Ma ecco il sospetto di Confturismo: gli Italiani, disponendo di più giorni per le vacanze, potrebbero dirigersi all’estero. Bella fregatura!
Ancora più intrigante, però, è la reazione-preoccupazione della Lega e delle famiglie degli studenti: i genitori che lavorano dove lasceranno i loro figli? Eh già, perché gli asili costano cari, le colonie estive non sono presenti in tutte le città, animatori e baby sitter a settembre costano un occhio della testa e pretendono pure lo straordinario…
Accidenti, queste sì che sono obiezioni!
Perché, come finalmente tutti abbiamo capito, la scuola in Italia non è un luogo che gli studenti frequentino per imparare qualcosa.
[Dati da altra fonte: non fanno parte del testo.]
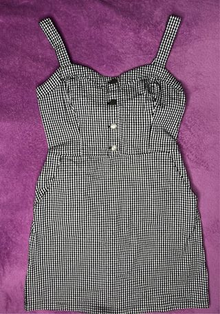 Conjunto de dos vestidos cortos de Zara. - Vestido negro. Zara - Vestido de cuadros blanco y negro. Shein

No, qui da noi la scuola è un posto in cui parcheggiare i figli che altrimenti non saprebbero dove andare e che rimarrebbero senza sorveglianti. La scuola è una specie di recinto protetto in cui le famiglie possono lasciare i propri figli affinché – dico: “affinché” – insegnanti e bidelli e presidi possano badare loro come si farebbe con un bimbo in fasce o con un anziano non del tutto autonomo: chiudendo un occhio se entrano in classe in bermuda e infradito, alzando la voce – ma poco, piano piano per non spaventarli – se fumano o si addormentano sul banco col dito incollato al tastierino del cellulare.
Ecco come stanno le cose. Ecco quanto è emerso dai servizi sui giornali e nelle interviste mandate in onda durante il telegiornale della sera.
Non uno che si sia posto l’unica domanda possibile in un caso come questo, l’unica domanda ovvia, la più ragionevole, la più semplice: “Ma l’apprendimento degli studenti è favorito oppure ostacolato da lunghi periodi di vacanza?” In altre parole: “Una sosta estiva di tre mesi e mezzo potrebbe aumentare la motivazione ad apprendere oppure potrebbe favorire il lento arrugginirsi dell’attenzione?”
Nessuno che abbia affrontato la questione da questo punto di vista: queste, d’altro canto, sono domande di carattere pedagogico, riguardano la sfera cognitiva, la dimensione psicologica. Come dire? Sono domande “troppo” scolastiche.
Meglio lasciar perdere.
Le questioni importanti per la scuola italiana sono ben altre: i flussi turistici, le previsioni meteo, l’apertura degli asili a settembre, il costo delle baby sitter.

1 Commenti

  1. la scuola serve a impiegare dipendenti: il resto è secondario, si sa. Cosa possiamo aspettarci da una classe dirigente che vede solo il profitto? Come ha detto un "povero selvaggio" (ricordo di averlo letto, non ricordo chi lo ha detto se un nativo d'America o un Indio delle Amazzoni o un Inouit): "quando non ci sarà più un albero ne un animale gli uomini capiranno che i soldi non si possono mangiare".